> [DIRECTIONS]:
In the records below, the line with "张教授介绍了艺术设计与文化传" and every line after it must be written out exactly; no pictures belong in the result.

> [DATA RECORDS]:
################
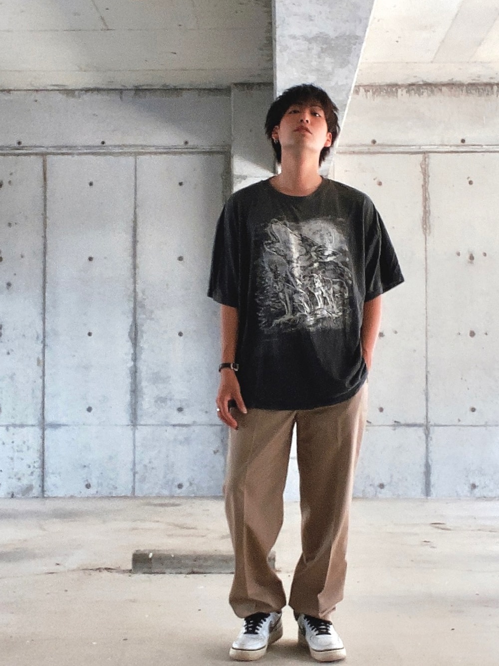 オオカミTシャツをやっと古着屋で見つけたのでスケーターっぽくコーデしてみました。
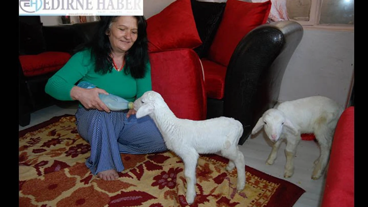 Üçüz doğuran koyunun kuzularından biri de kısa süre sonra ölünce beş çocuk annesi Hatice Eroğlu, diğer iki kuzuyu yaşatmak için eve aldı. Yaklaşık bir haftadır evde biberonla beslenen kuzular, aile fertlerinin ve komşuların da maskotu oldu.
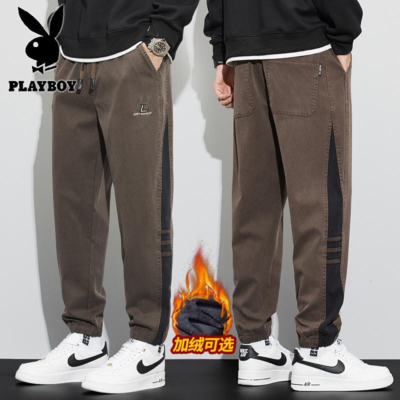花花公子新款高品质(实拍)秋冬款休闲裤男宽松潮牌工装裤束脚拼接运动裤子_58_157 3XL 咖啡色
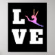 Cette affiche mignonne présente le mot LOVE en gros caractères blancs gras sur un arrière - plan noir. Le "O" est remplacé par un danseur de couleur pastel en milieu de saut
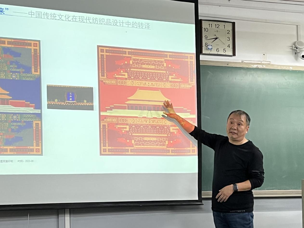 张教授介绍了艺术设计与文化传播的关系,指出设计师具有桥梁的作用,连接过去和未来,通过艺术创作为明天服务。针对如何把传统文化与现代设计相结合,他强调设计不是被动的复制,而是由一种表现形式向另一种表现形式的创造性转换。他以纹样插画等艺术作品与设计结合的商业价值转换为例,指出中国绵长深远的传统文化是智慧的、流动的、活态的,可以为现代设计提供取之不尽、用之不竭的灵感与启示。将中国传统造物理念进行现代化转译和跨文化解读,实践于当代纺织艺术设计之中,为中国设计带来别有洞天的景象。通过文化与经济的结合,将传统文化转化为效益,可以进一步推动中华优秀传统文化创造性转化、创新性发展。
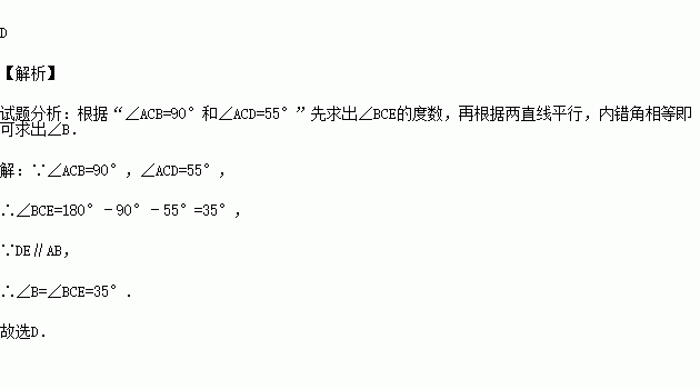 (2012•宿迁模拟)如图,Rt△ABC中,∠ACB=90°,DE过点C,且DE∥AB,若∠ACD=55°,则∠B的度数是( )
################
> [SOLUTION]:
 张教授介绍了艺术设计与文化传播的关系,指出设计师具有桥梁的作用,连接过去和未来,通过艺术创作为明天服务。针对如何把传统文化与现代设计相结合,他强调设计不是被动的复制,而是由一种表现形式向另一种表现形式的创造性转换。他以纹样插画等艺术作品与设计结合的商业价值转换为例,指出中国绵长深远的传统文化是智慧的、流动的、活态的,可以为现代设计提供取之不尽、用之不竭的灵感与启示。将中国传统造物理念进行现代化转译和跨文化解读,实践于当代纺织艺术设计之中,为中国设计带来别有洞天的景象。通过文化与经济的结合,将传统文化转化为效益,可以进一步推动中华优秀传统文化创造性转化、创新性发展。
 (2012•宿迁模拟)如图,Rt△ABC中,∠ACB=90°,DE过点C,且DE∥AB,若∠ACD=55°,则∠B的度数是( )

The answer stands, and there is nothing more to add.